NEW FACES

Nuha Jes Izman on the Whirlwind of Joining Yellowjackets

In season two of the hit show, Izman plays Crystal, a mysterious theater nerd who gloms onto the mischievous Misty.

by Esther Zuckerman

Nuha Jes Izman
Stephanie Diani

Nuha Jes Izman was excited to sit in the makeup chair for her first day on the Yellowjackets set. After all, this was the recent drama school grad's first big television role. "I was like, oh my God, this is Hollywood, this is glamorous," she says during a recent Zoom call, her voice emphasizing the fantasy of it all. Then the makeup team started putting dirt on her face. "I'm like, 'still kind of cute, we can get away with that,'" she remembers. Then they added redness to her face to simulate frostbite. Then they put a treatment on her lips to make them look cracked. It's not exactly red carpet material.

But it's par for the course with Yellowjackets, the Showtime hit about a soccer team stranded in the frigid and dangerous wilderness after a 1996 plane crash and their contemporary counterparts. Izman, 21, plays a new character named Crystal, a member of the JV Yellowjackets squad who audiences just didn't happen to meet during the first season.

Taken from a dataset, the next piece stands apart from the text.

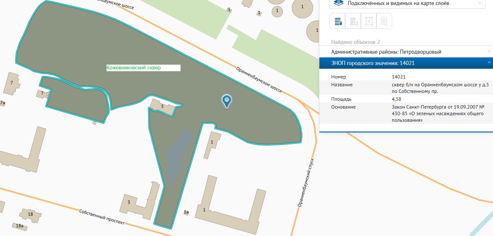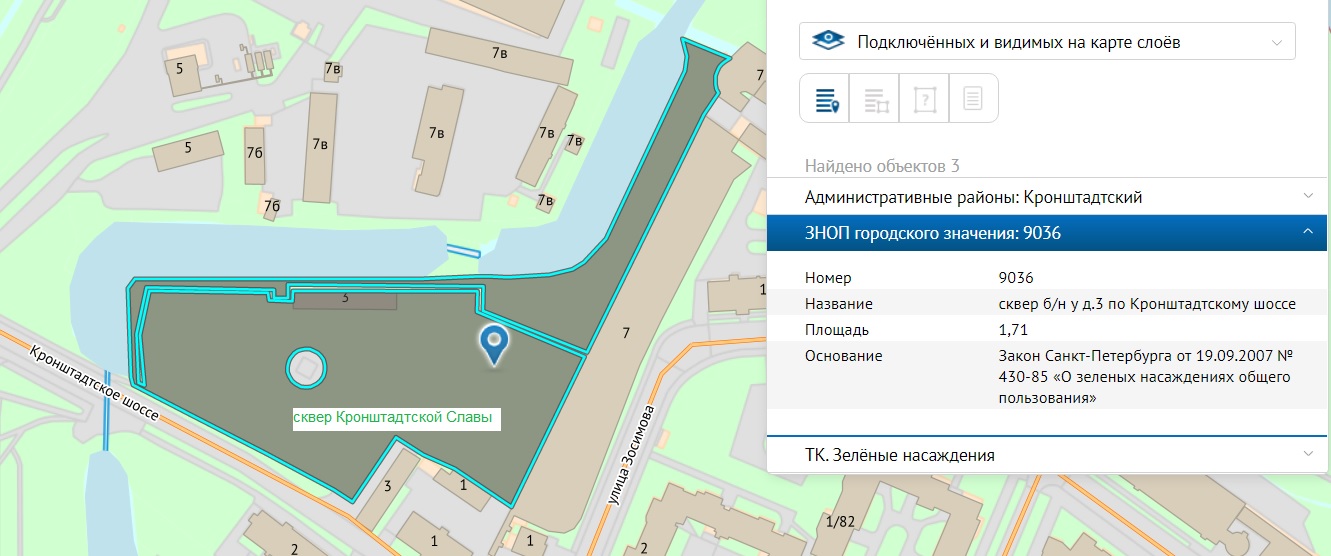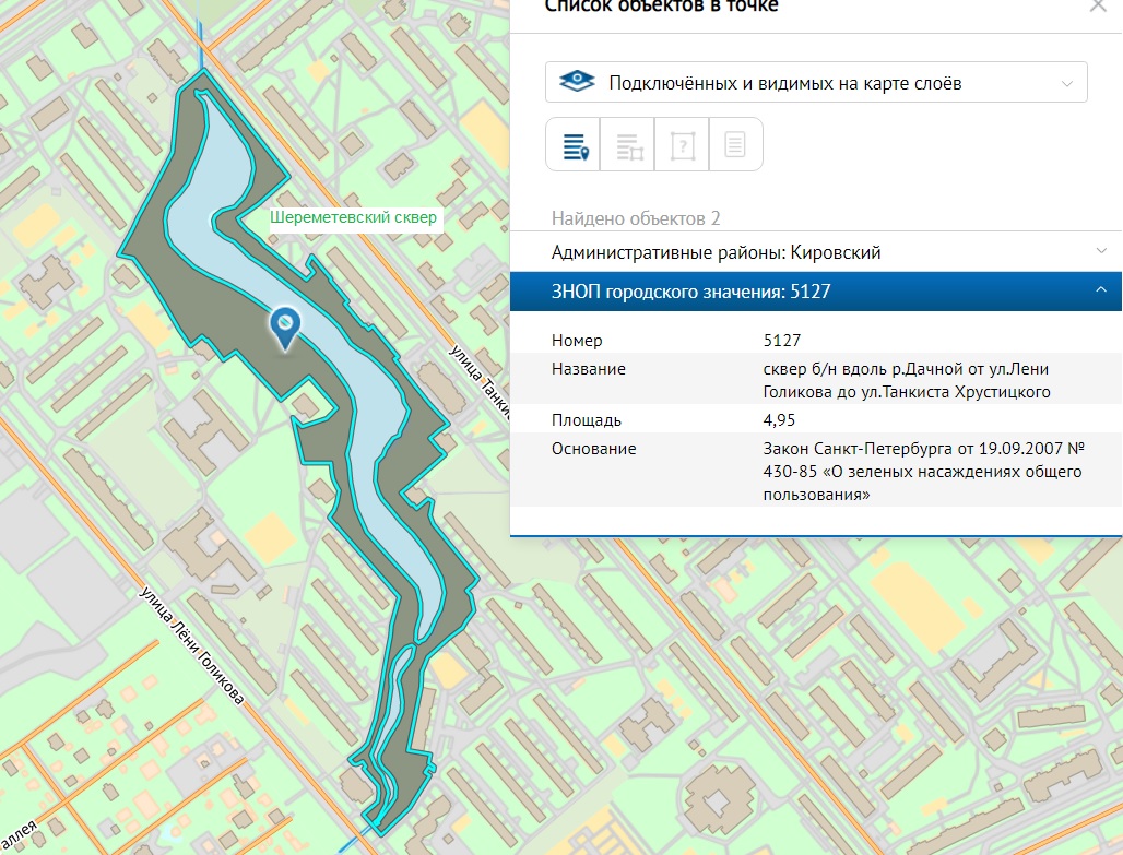 Скверы: Анфисин, Ваза, Генерала Андреева, Голодаевский, Ивана Шинкарёва, Кожевниковский, Кронштадской Славы, Метеорологов, Петра Егорова, Псковских Десантников, Финансистов и Часовщиков, а также Шереметевский. Больше ничего.

When we do encounter her in the season two premiere it's hard to know what to make of this little weirdo. She's a musical theater nerd who uses singing as a method to help herself go to the bathroom, and she sidles up to the delightfully freaky Misty (Samantha Hanratty), who has been made an outcast by the rest of the group after drugging them all.

Stephanie Diani

Getting the gig was a whirlwind experience for Izman, who grew up in Malaysia and was attending the Stella Adler Studio of Acting when the trailer for the first season dropped. "I so clearly remember thinking, 'goddammit, I wish they were making this three years from now so that I would have a shot at being on it," she says. One audition tape later, and she was headed to Vancouver to get her wish.

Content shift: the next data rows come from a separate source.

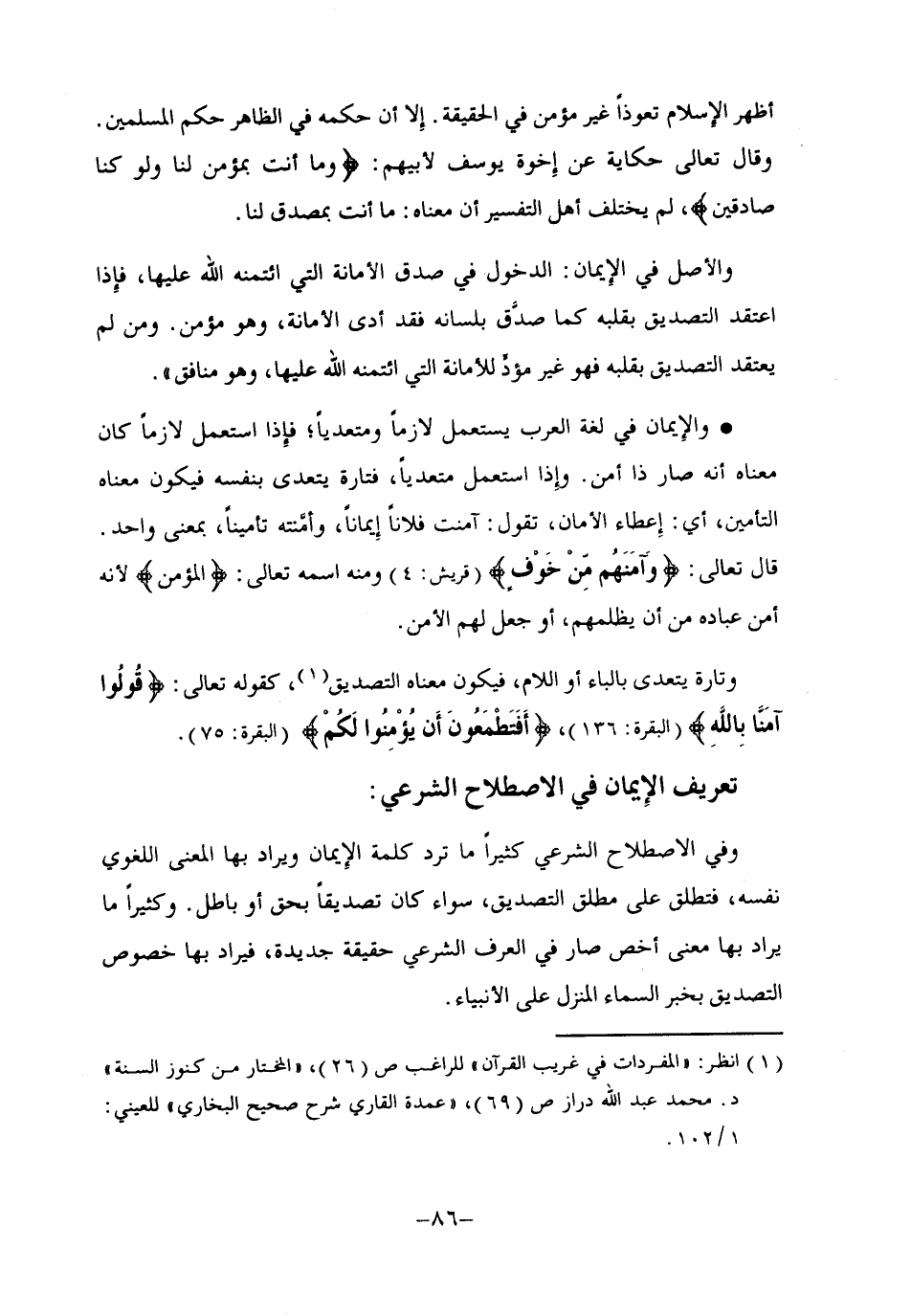 وتارة يتعدى بالباء أو اللام، فيكون معناه التصديق1، كقوله تعالى: {قُولُوا آمَنَّا بِاللَّهِ} [البقرة: 136] ، {أَفَتَطْمَعُونَ أَنْ يُؤْمِنُوا لَكُمْ} [البقرة: 75] .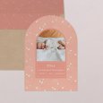 Die Geburtsanzeige In den Wolken zeigt eine Schar kleiner Vögel vor einem Himmel in zarten Pfirsichrosa-Tönen. Ein sanftes und friedliches Design, das perfekt ist, um Ihr Glück auf sanfte Weise anzukündigen.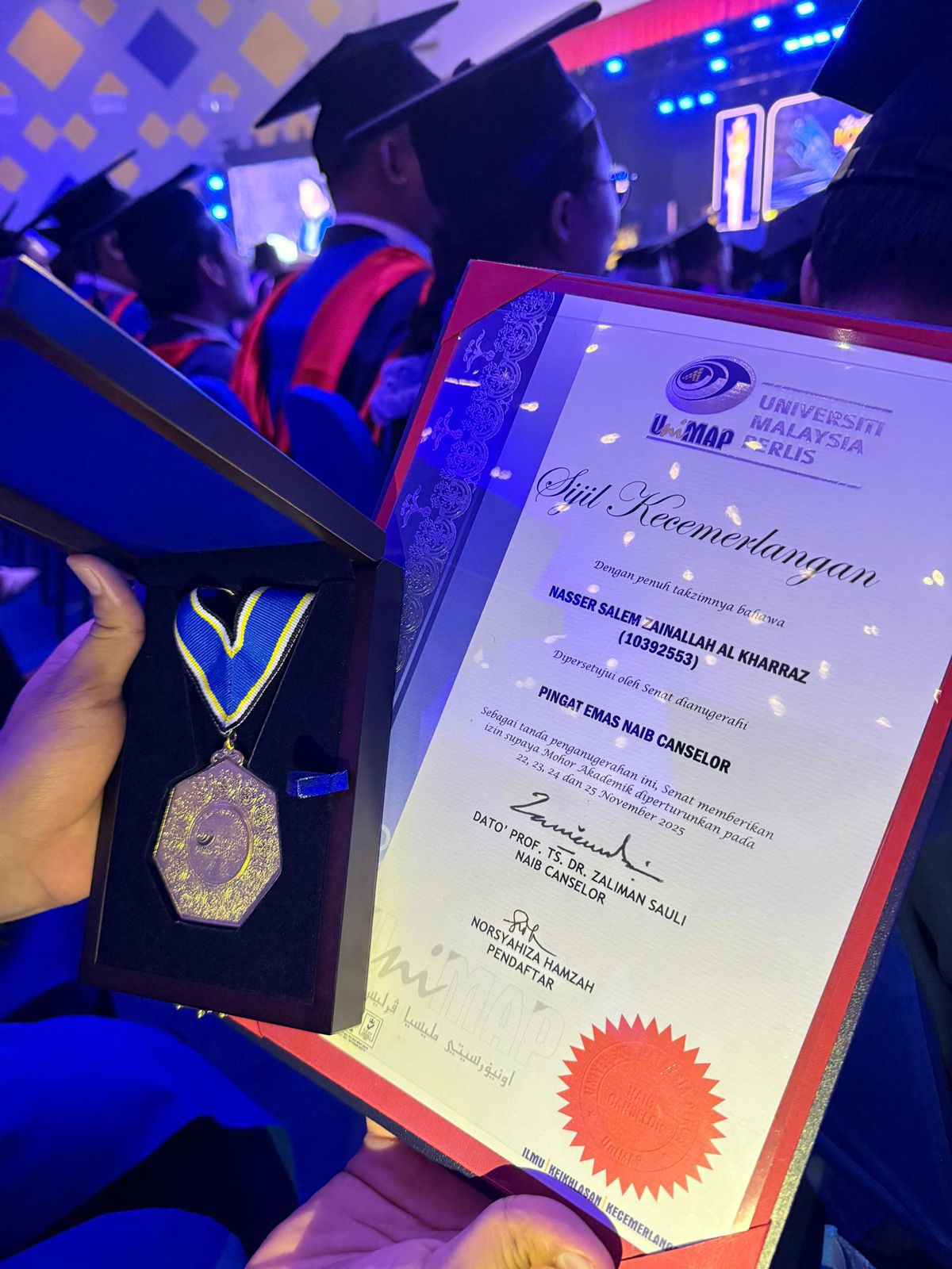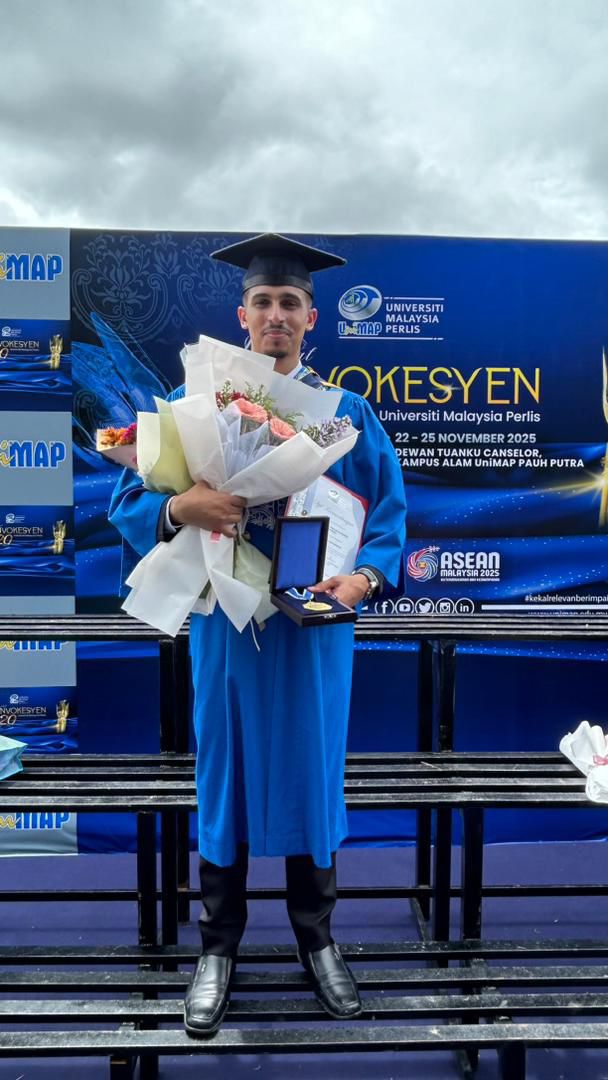 من جامعة برليس (UniMAP) الماليزية وحصوله على درجة البكالريوس في الهندسة الميكانيكية كافضل طالب دولي في الجامعة وذلك في الحفل الذي أقيم في ولاية برليس وحضره ولي العهد توانكو سيد فائز الدين بوترا جمال الليل.

Truly, it happened that suddenly. Izman was cast after submitting just a single video of herself reading a fake scene that had also been deployed for Misty auditions in season one. She didn't hear anything back for weeks. "I was on my sister's couch, I had like $12 in my bank account, and then I got the call," she says. She had to fly the very next day to report to set, which meant relying on her impulses to figure out just who Crystal was. She didn't even have time to hone her singing and dancing skills, which are put to use in one of her early scenes where she sings "The Glory of Love"—the version from the period appropriate movie Beaches, of course. "The director emailed me and she was like, 'by the way are you trained in tap dancing and singing,'" Izman recalls. "I was like, 'No ma'am, I am not but I will do it.'"

That kind of self sufficiency seems to come naturally to Izman. Raised in Kuala Lumpur, she started performing at a young age with her father's organization called the Tree Theatre Group, putting on plays to raise awareness about environmental issues. Since the age of 6, however, she knew she was destined for New York. So she saved up money and auditioned for drama schools in secret, doing callbacks at 3AM in her bedroom. She thought her parents would be a little more wary of her plans, but because she was armed with a PowerPoint presentation and explained how she would apply to scholarships to pay, they put their trust in her.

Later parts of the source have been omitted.